Secara umum, angka kelainan bawaan cukup besar, laporan dari Centre for Disease Control tahun 2008 menyatakan bahwa diperkirakan sebanyak 276.000 kematian bayi baru lahir mengalami kematian dalam 4 minggu pertama kehidupannya di seluruh dunia. 2

Laporan dari Boyle dari studi register persalinan selama kurun waktu 1984 sampai 2007 di 14 negara di Eropa menemukan angke kejadian kelainan bawaan mengalami peningkatan dari 6% menuju ke 16% dari persalinan. Hal tersebut juga berdampak pada banyaknya bayi baru lahir yang dirawat dan menimbulkan biaya yang tidak sedikit .3

Rumah Sakit Umum Pusat Sanglah menemukan 2,6/100 pada tahun 1994 sampai 2005. Ratusan jenis kelainan bawaan telah diidentifikasi, kelainan bawaan merupakan penyebab kematian tertinggi pada usia 1 tahun pertama.. Kadang-kadang suatu kelainan kongenital belum ditemukan hingga beberapa saat setelah kelahiran bayi. Kelainan kongenital pada bayi baru lahir dapat berupa satu jenis kelainan saja atau dapat pula beberapa kelainan kongenital yang terjadi secara bersamaan yang disebut kelainan kongenital multipel. Insiden kelainan kongenital di Indonesia tahun 2009 berkisar 15 per 1.000 kelahiran. Angka kejadian ini akan menjadi 4 – 5% bila bayi diikuti terus sampai berusia 1 tahun. Dari tahun 1994 – 2005 terdapat 2,55% kelainan kongenital dari seluruh jumlah bayi yang lahir.
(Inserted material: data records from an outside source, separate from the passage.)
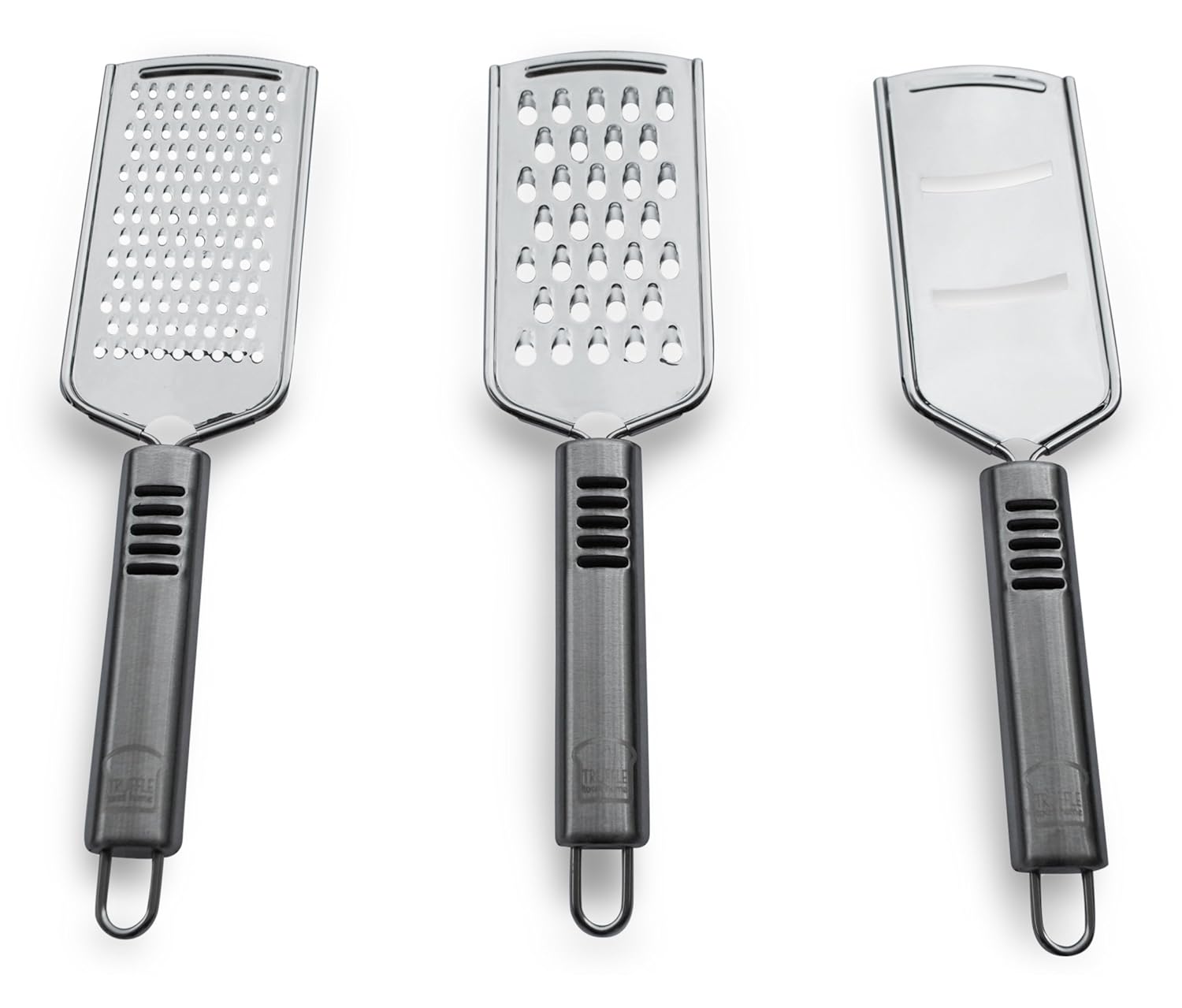 Set of 3 Professional Stainless Steel Graters for Cheese, Vegetables, Chocolate for kitchen preparation needs - Fine grater, Coarse grater and Large shaver, each with a Stylish Protective Fabric Bag is best for youThese products are highly recommended by your friends at Truffle Toast Home, an American-based company with European roots. Whether you are a casual cook or a fine chef you can count on these slicers / shavers / graters to help you preparing the best dishes and extracting all the flavors and aromas from your ingredients, limit the pressure on your hands and look good in the kitchen. At Truffle Toast Home, we are not only wine and specialty food lovers, but also design-enthusiast and quality-focused: we only propose products that we have enjoyed for years at our homes and tested extensively in our labs – and we offer an unparalleled customer service in case you do not love them as we do! TOP FEATURES: FDA food grade and Truffle Toast Home tested Professional grade quality stainless steel ensures long-lasting use Anatomic handle and non-slip rubber thumb grip improve stability, reduce pressures and protect your hands Non-clogging, razor-sharp blades for effortless grating Heat/cold resistant and scratch resistant in typical conditions of use Dishwasher safe and freezer safe Solid yet light weight (2.3 oz each) Convenient size 9.5 x 2.25 x 0.15 inches for each slicer / shaver / grater Premium appearance to match any setting and style Easy to use and easy to store in their own Truffle Toast Home fabric bags Lifetime guarantee TOP BENEFITS: Enjoy your food: flavors, aromas and taste are more vibrant with these graters and slicers Enjoy the design: elegant, sleek look and fine craftsmanship Enjoy using it: handle, thumb grip and blade design reduce the pressure on your hands Save space and time: easily store each slicer / shaver / grater in its protective bag or hang it on a hook to save space Save cleaning: easy to clean in the dishwasher Instructions: Go to our website for instructional video on how to use them
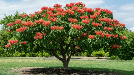 Tree with red flowers on blue sky background. Panoramic view
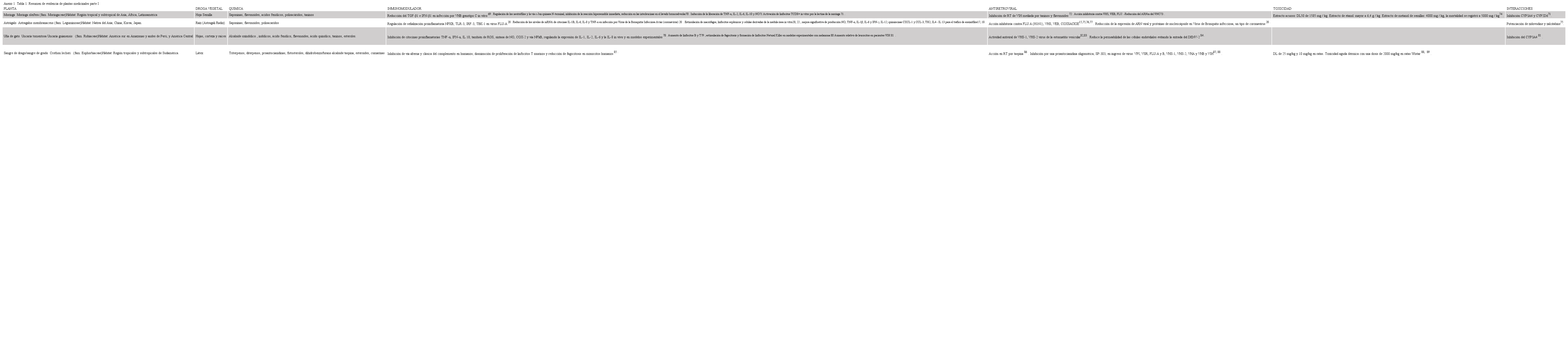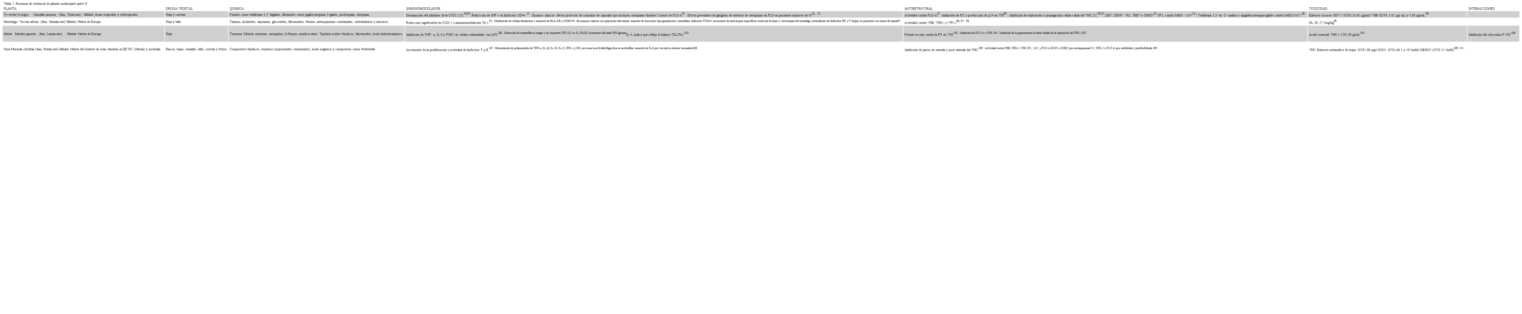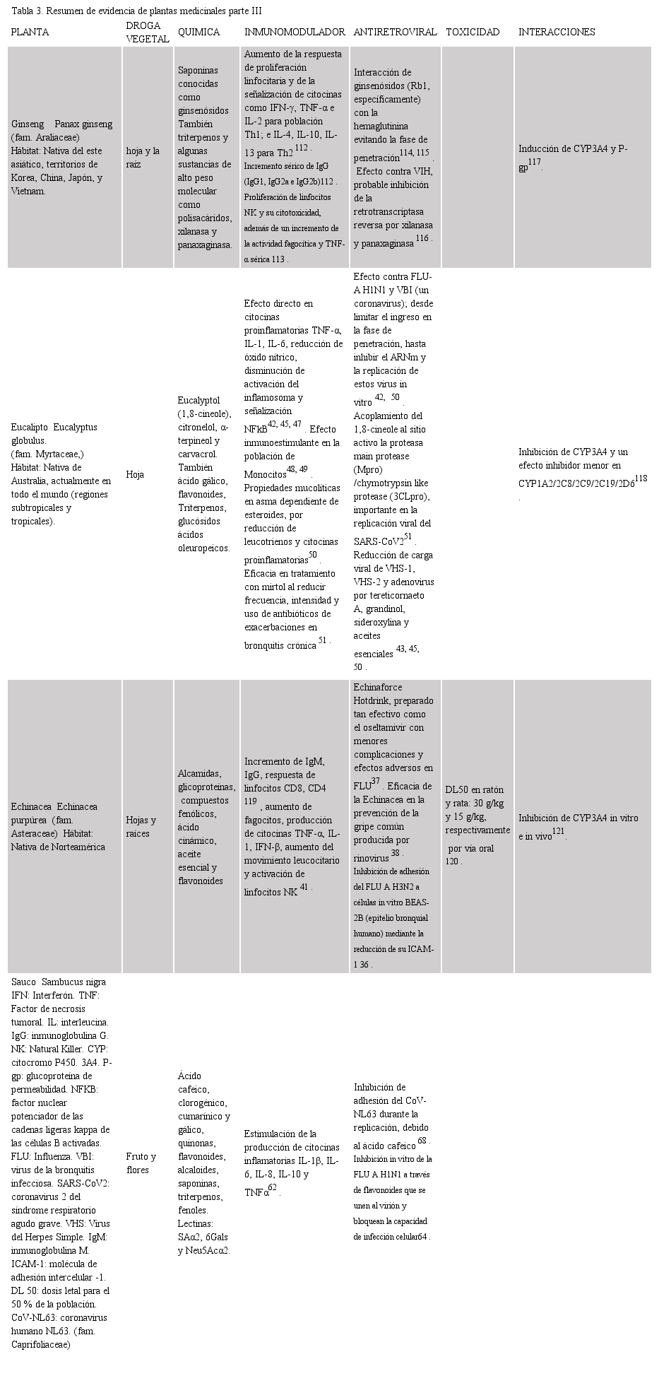 A continuación, se resumen las plantas que presentan estudios con acción anti-coronavirus:Aloevera, Astragalo membranaceus, Camellia sinensis, Echinacea purpurea, Eucalyptus globulus, Glycyrrhiza glabra y Sambucus nigra. Las otras siete plantas medicinales que no mostraron evidencia contra este virus se describen en el Anexo N°1, junto a las plantas que se exponen en los siguientes párrafos. No se entiende por qué agregaron estas plantas al trabajo actual It is not understood why these plants were added to the current paper.

Dibandingkan dengan deteksi komplikasi maternal pada kehamilan, kesehatan janin dan deteksi adanya kelainan bawaan kurang mendpatkan perhatian, disebabkan karena banyak penyebab nya yang tidak diketahui, memerlukan sarana diagnostic yang tidak sederhana dan kompetensi untuk mendeteksi kelainan bawaan yang belum memadai. Sehingga seringkali kelainan bawaan ini ditemukan pada saat lahir dengan segala konsekuensinya.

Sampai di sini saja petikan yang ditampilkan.